Fun_People Archive
14 Nov
Manufacturing Consensus?


Date: Tue, 14 Nov 95 00:56:01 -0800
From: Peter Langston <psl>
To: Fun_People
Subject: Manufacturing Consensus?

From: joev@halcyon.com

	Manufacturing Consensus, Chapter (~n): The Contract

According to a story by Knight Ridder reporter Frank Greve, "Pollster May
Have Misled GOP on Contract" (Seattle Times, 11/12/95) GOP pollster Frank
Luntz has admitted that his widely touted  poll indicating that 60% of
Americans supported the Contract was based not upon actual questions about
Contract items themselves, but rather on ad-campaign slogans supporting the
Contract. When pressed to disclose the methodology of his poll, Luntz
initially insisted that only his client, the Republican National Committee,
could provide the details.

RNC officials, however, said they'd never seen it.

Luntz then maintained that he'd done the survey only for himself, and that
the results were "private information", an apparent violation of the ethics
code of the American Association of Public Opinion Research.When
questioned, Luntz agreed that the purpose of his poll had been to find the
most persuasive wording of the Contract's propositions for a TV Guide ad.

In an example of the methodolgy employed by Luntz, a positive response to
the statement "we should stop excessive legal claims, frivolous lawsuits,
and overzealous lawyers" was counted as a vote for the Contract's specific
proposal on tort reform, one of the more controversial items of the agenda.


According to Republican Party officials, the Luntz survey was in fact the
*only* poll on the contract's popularity. According to Barry Jackson, chief
of staff of the House Republican Conference, "What Luntz said about
extensively testing the content (of the contract) is simply untrue."
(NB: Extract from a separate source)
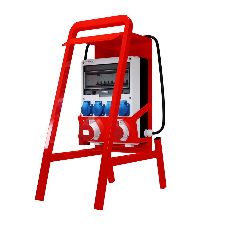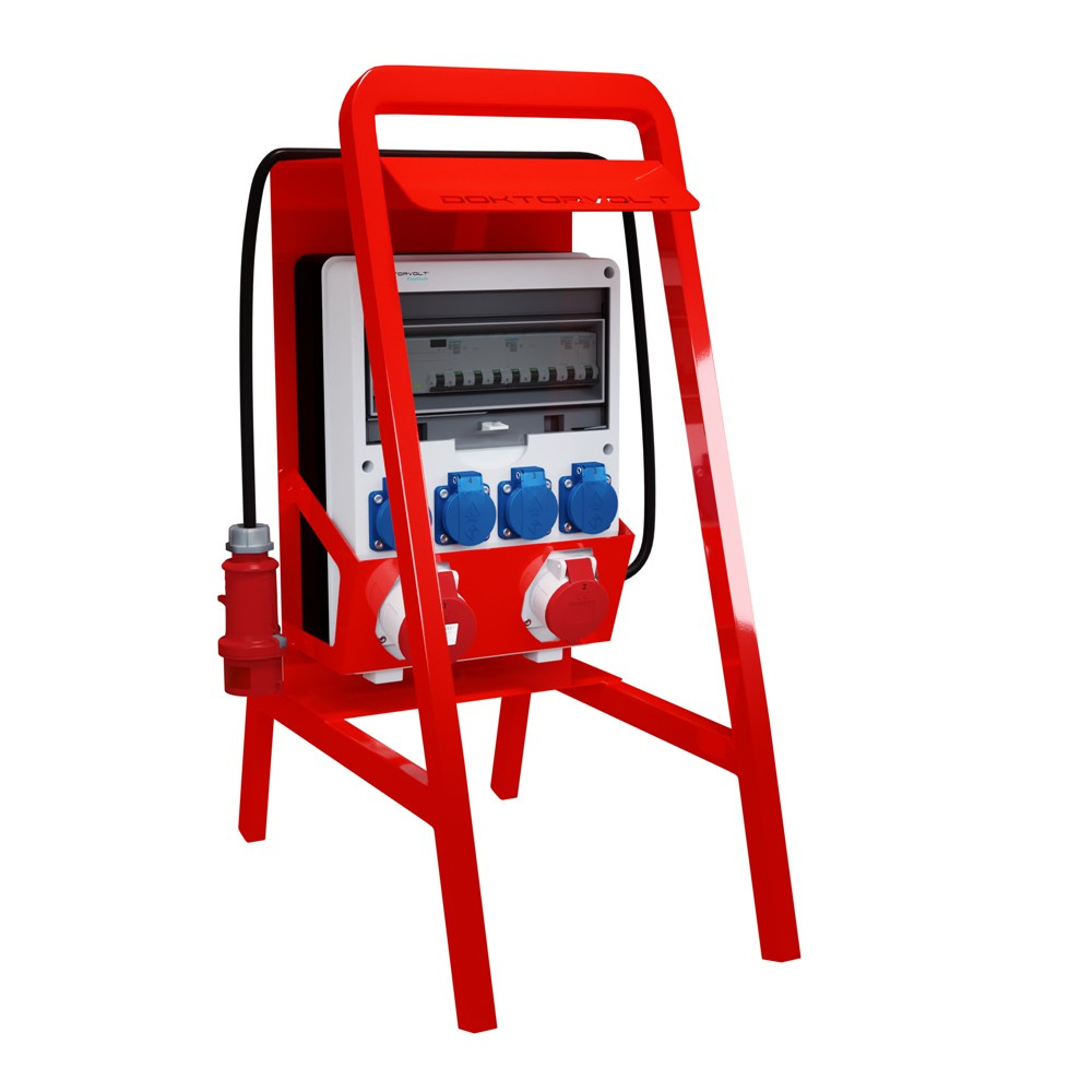 Rozdzielnica budowlana na stojaku zabezpieczenia Siemens pTD-S/FI 32A MENNEKES 16A 4x230V SET gniazda Mennekes Schuko Doktorvolt DV-6221-D

What makes this revelation particularly significant is that these alleged
"poll results" were widely circulated by Gingrich et al to build momentum
for the Contract through creating an impression of public support
apparently far greater than actually existed. Most distressing of all is
the apparently significant impact this poll had on members of Congress
themselves, especially freshmen with few polling resources of their own.
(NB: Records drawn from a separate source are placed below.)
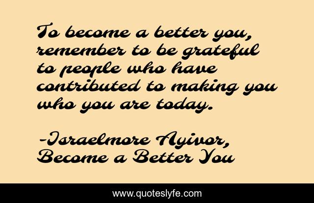 "Israelmore Ayivor, Become a Better You Quotes." Quoteslyfe.com, 2025. Mon. 08 Dec. 2025. <https://www.quoteslyfe.com/quote/To-become-a-better-you-remember-to-36708>.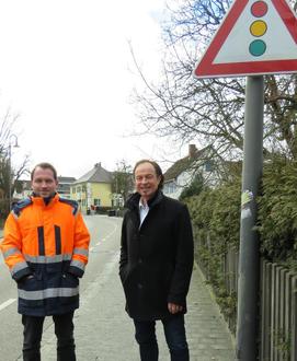 Bürgermeister Bernhard Uhl und Robert Wiest aus dem Sachgebiet „Planen und Bauen“ vor dem bereits montierten Gefahrzeichen, das auf die Lichtzeichenanlage hinweisen soll.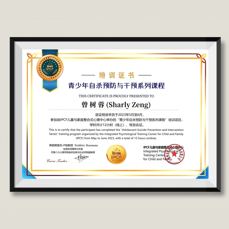 曾树蓉:荣获青少年自杀预防与干预系列课程培训证书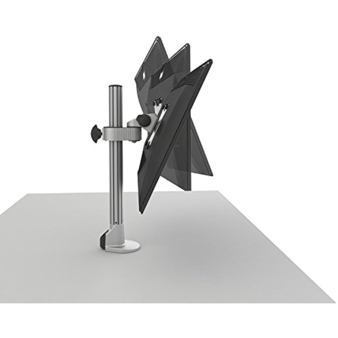 • This stand will allows 45°/45° of tilt and 360° of swivel movement for monitor mount, in addition to landscape to portrait rotation. Its configuration allows393mm of height adjustment is available

According to Rep. Mitch Castle, R-Del., "It was just repeated over and over
by the leadership and others that polls showed these were proposals highly
popular with the American public." Though harboring reservations about the
Contract himself, Castle too eventually supported the measure.
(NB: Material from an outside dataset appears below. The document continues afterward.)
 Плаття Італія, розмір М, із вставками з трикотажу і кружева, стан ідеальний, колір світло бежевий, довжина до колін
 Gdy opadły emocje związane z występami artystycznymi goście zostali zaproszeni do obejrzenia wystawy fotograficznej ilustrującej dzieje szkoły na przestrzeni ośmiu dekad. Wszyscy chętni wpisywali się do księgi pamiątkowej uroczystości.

According to the Knight-Ridder article, pollster Luntz, a self-described
"marketer of ideas", ultimately agreed that his findings could not be used
to measure public support. Their analysis: "If not, the House GOP's
legislative agenda isn't just losing popularity; it was probably never that
popular to begin with."

Despite the apparently significant impact of his "poll" on the
Congressional vote on the Contract, Luntz' admission of his bogus methods
have come conveniently late (by the better part of a year) to affect the
Congressional vote on the Contract, and the resulting GOP PR bonanza.

Alert readers of the Seattle Times would have spotted the item on page A23
of the Sunday edition, sandwiched between an article on the Vince Foster
investigation ("Clinton Aide's Death Still Raising Questions") and another
entitled "Vatican's Upholds Ban on Ordaining Women."